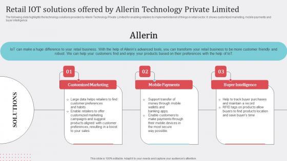 The following slide highlights the technology solutions provided by Allerin Technology Private Limited for enabling retailers to implement internet of things in retail sector. It shows customized marketing, mobile payments and buyer intelligence Explore a selection of the finest Retail IoT Solutions Offered Allerin How Industrial IoT Is Changing Worldwide Themes Pdf here. With a plethora of professionally designed and pre made slide templates, you can quickly and easily find the right one for your upcoming presentation. You can use our Retail IoT Solutions Offered Allerin How Industrial IoT Is Changing Worldwide Themes Pdf to effectively convey your message to a wider audience. Slidegeeks has done a lot of research before preparing these presentation templates. The content can be personalized and the slides are highly editable. Grab templates today from Slidegeeks. The following slide highlights the technology solutions provided by Allerin Technology Private Limited for enabling retailers to implement internet of things in retail sector. It shows customized marketing, mobile payments and buyer intelligence
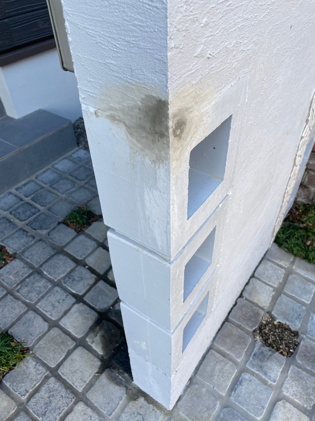 ブロック塀から雨水がずっと垂れてきていつまで待っても止まらないので必殺技を使い今日塗装しました!塀から雨水が出るのは、良く起こることなんですがブロック塀を施工した業者が後のことを考えてない施工ですよね(^^;)必殺技は止水セメントを塗り水をカットして塗装を致しました。なかなか手強かったです(^^;)またどこからか雨水が出てくる可能性も無きにしろあらずなので何かあればまたご相談に乗りますのでお気軽にお声がけくださいね(^_^)基礎ガード塗装も気にされてる箇所はサービスで塗っておきましたよ。お家の外壁はフッ素で塗ったので本間に綺麗になりましたね(^_^)長い事かかりましたがありがとうございました。お家のことなら何でもアイホームにお任せ下さい。
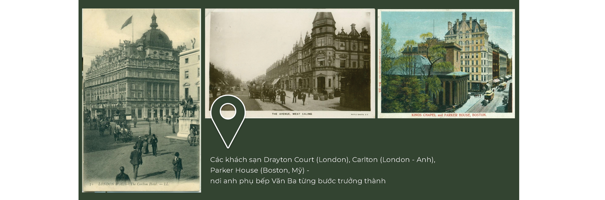 Xa hơn nữa, một số bưu ảnh cổ về khách sạn Parker House ở Boston cũng gợi lại giai đoạn anh từng làm việc trong nhà bếp tại đây.

▶ [Activity] Return all the data exactly, and keep the pictures out.

▶ [Result of the exercise]
 The following slide highlights the technology solutions provided by Allerin Technology Private Limited for enabling retailers to implement internet of things in retail sector. It shows customized marketing, mobile payments and buyer intelligence Explore a selection of the finest Retail IoT Solutions Offered Allerin How Industrial IoT Is Changing Worldwide Themes Pdf here. With a plethora of professionally designed and pre made slide templates, you can quickly and easily find the right one for your upcoming presentation. You can use our Retail IoT Solutions Offered Allerin How Industrial IoT Is Changing Worldwide Themes Pdf to effectively convey your message to a wider audience. Slidegeeks has done a lot of research before preparing these presentation templates. The content can be personalized and the slides are highly editable. Grab templates today from Slidegeeks. The following slide highlights the technology solutions provided by Allerin Technology Private Limited for enabling retailers to implement internet of things in retail sector. It shows customized marketing, mobile payments and buyer intelligence
 ブロック塀から雨水がずっと垂れてきていつまで待っても止まらないので必殺技を使い今日塗装しました!塀から雨水が出るのは、良く起こることなんですがブロック塀を施工した業者が後のことを考えてない施工ですよね(^^;)必殺技は止水セメントを塗り水をカットして塗装を致しました。なかなか手強かったです(^^;)またどこからか雨水が出てくる可能性も無きにしろあらずなので何かあればまたご相談に乗りますのでお気軽にお声がけくださいね(^_^)基礎ガード塗装も気にされてる箇所はサービスで塗っておきましたよ。お家の外壁はフッ素で塗ったので本間に綺麗になりましたね(^_^)長い事かかりましたがありがとうございました。お家のことなら何でもアイホームにお任せ下さい。
 Xa hơn nữa, một số bưu ảnh cổ về khách sạn Parker House ở Boston cũng gợi lại giai đoạn anh từng làm việc trong nhà bếp tại đây.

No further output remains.